The weekly SRI Seminar Series welcomes SRI Director and Chair Gillian Hadfield for a special in-person session at the University of Toronto’s Faculty Club. The event will also be livestreamed on Zoom for those who cannot attend in person.

The inaugural Schwartz Reisman Chair in Technology and Society and a professor of law and strategic management at the University of Toronto, Hadfield’s research focuses on innovative legal and economic design, AI governance, legal markets, and contract law and theory. In this talk, Hadfield considers how closely automated decision-making systems are able to reproduce forms of human judgement, and identifies a potential failure based in whether the data used to train such systems has been labelled in accordance with either factual or normative claims.

Talk title:

“Judging facts, judging norms: Training ML models to judge humans requires a new approach to labeling data”

Abstract:

As governments and industry turn to increased use of automated decision systems, it becomes essential to consider how closely such systems can reproduce human judgment. We identify a core potential failure. We find that annotators label objects differently depending on whether they are being asked a factual question or a normative question. This challenges a natural assumption maintained in many standard machine-learning (ML) data acquisition procedures: that there is no difference between predicting the factual classification of an object and an exercise of judgment about whether an object violates a rule premised on those facts. We find that using factual labels to train models intended for normative judgments introduces a significant measurement error.

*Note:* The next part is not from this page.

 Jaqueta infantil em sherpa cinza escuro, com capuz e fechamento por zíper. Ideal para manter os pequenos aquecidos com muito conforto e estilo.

We show that models trained using factual labels yield significantly different judgments than those trained using normative labels and that the impact of this effect on model performance can exceed that of other factors (e.g. dataset size) that routinely attract attention from ML researchers and practitioners.

About Gillian Hadfield

Gillian Hadfield is the inaugural Schwartz Reisman Chair in Technology and Society, director of the Schwartz Reisman Institute for Technology and Society, and a professor of law and strategic management at the University of Toronto. Hadfield’s research is focused on innovative legal and economic design, AI governance, legal markets, and contract law and theory. Her book Rules for a Flat World: Why Humans Invented Law and How to Reinvent It for a Complex Global Economy was published by Oxford University Press in 2017.

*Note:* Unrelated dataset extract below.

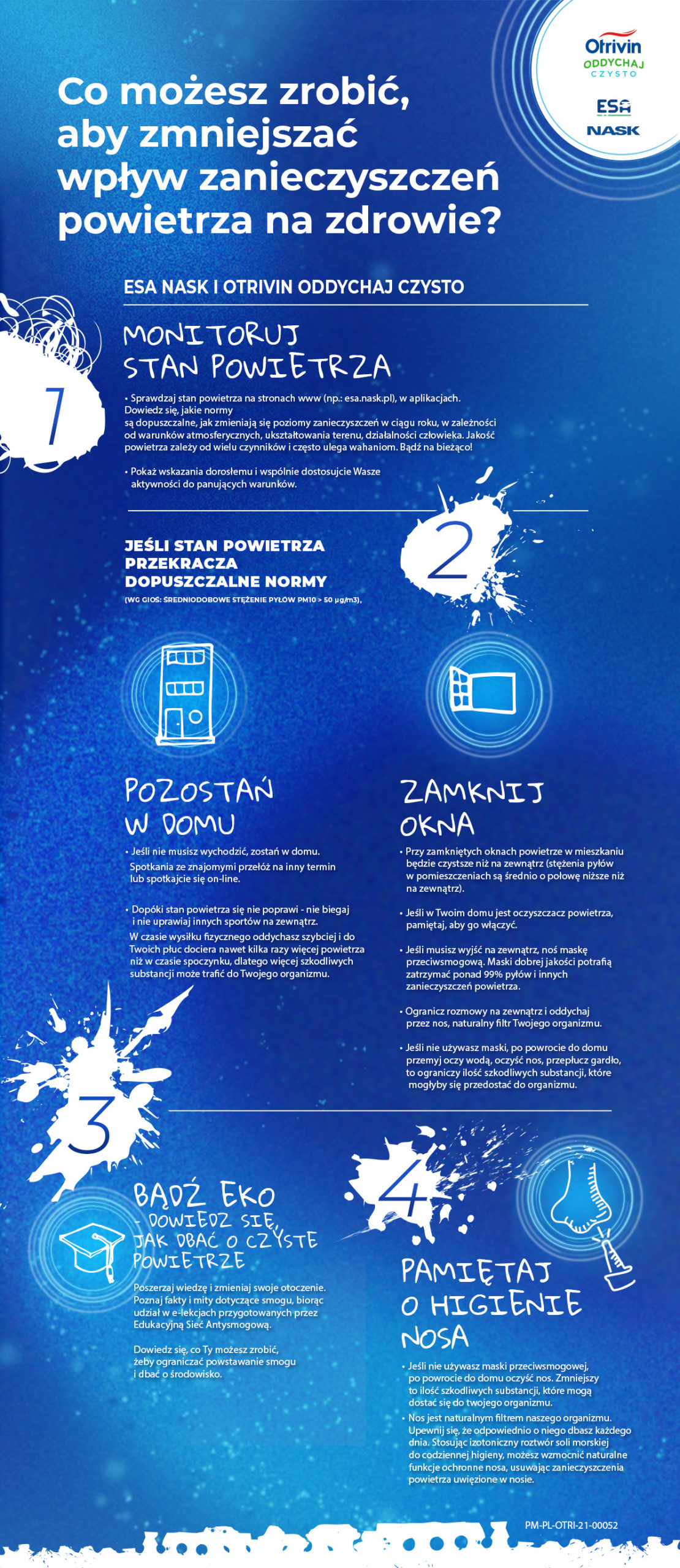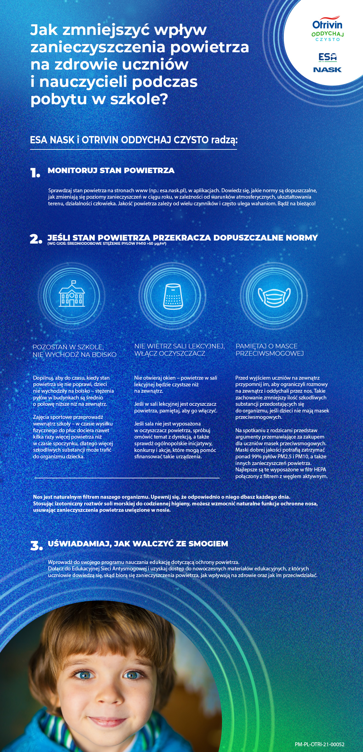 – Szkoły, jako instytucje kształcące dzieci i młodzież oraz ważne ośrodki opiniotwórcze, są doskonałym miejscem, by to w nich właśnie upowszechniać wiedzę na temat zanieczyszczenia powietrza i jego skutków dla zdrowia. Nasz przekaz kierujemy zarówno do dzieci, jaki i dorosłych – nauczycieli i rodziców. W ten sposób pomagamy całym lokalnym społecznościom w dostrzeżeniu i zrozumieniu problemów mających wpływ na jakość życia – mówi Barbara Leśniczak, z Państwowego Instytutu Badawczego NASK, partnera merytorycznego kampanii, który od lat realizuje program dla szkół Edukacyjna Sieć Antysmogowa. – Scenariusze lekcyjne oraz porady dla dzieci, nauczycieli i rodziców, przygotowane w ramach kampanii „Pomóżmy Dzieciom Oddychać Lepiej” zainicjowanej przez Otrivin Oddychaj Czysto, pomogą w łatwy i przystępny sposób przekazać wiedzę na temat zanieczyszczenia powietrza, które według WHO stanowi największe zagrożenie środowiskowe dla naszego zdrowia. Początek roku szkolnego to idealny moment na tego typu działania. Dzięki temu nauczyciele i rodzice będą mogli odpowiednio przygotować się na czas, kiedy stężenia smogu są największe, czyli sezon grzewczy – dodaje ekspertka.

Hadfield is a senior policy advisor for OpenAI in San Francisco, and an advisor to courts and several organizations and technology companies engaged in innovating new ways to make law and policy smarter, more accessible, and more responsive to technology and artificial intelligence, including the Hague Institute for Innovation of Law, LegalZoom, and Responsive Law. She was a member of the World Economic Forum’s Future Council for Agile Governance and co-curated their Transformation Map for Justice and Legal Infrastructure; she previously served on the Forum’s Future Council for Technology, Values and Policy and Global Agenda Council for Justice; and was a member of the American Bar Association’s Commission on the Future of Legal Education, and the Dubai Courts of the Future Forum. 

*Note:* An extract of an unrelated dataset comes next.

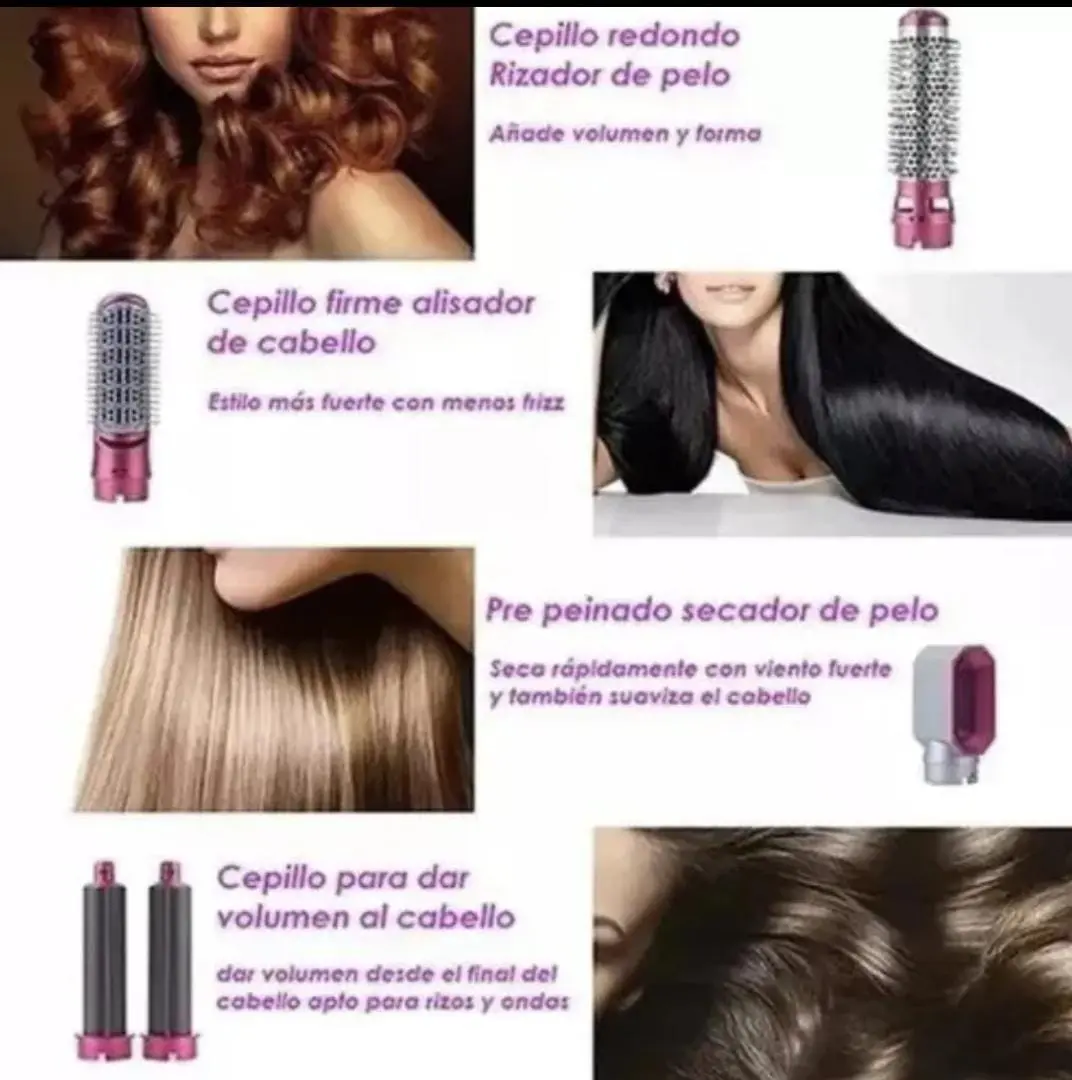 💨 5 funciones en 1: alisado, secado, rizos grandes, rizos finos, brushing y volumen.

About the SRI Seminar Series

The SRI Seminar Series brings together the Schwartz Reisman community and beyond for a robust exchange of ideas that advance scholarship at the intersection of technology and society. Seminars are led by a leading or emerging scholar and feature extensive discussion.

Each week, a featured speaker will present for 45 minutes, followed by an open discussion. Registered attendees will be emailed a Zoom link before the event begins. The event will be recorded and posted online.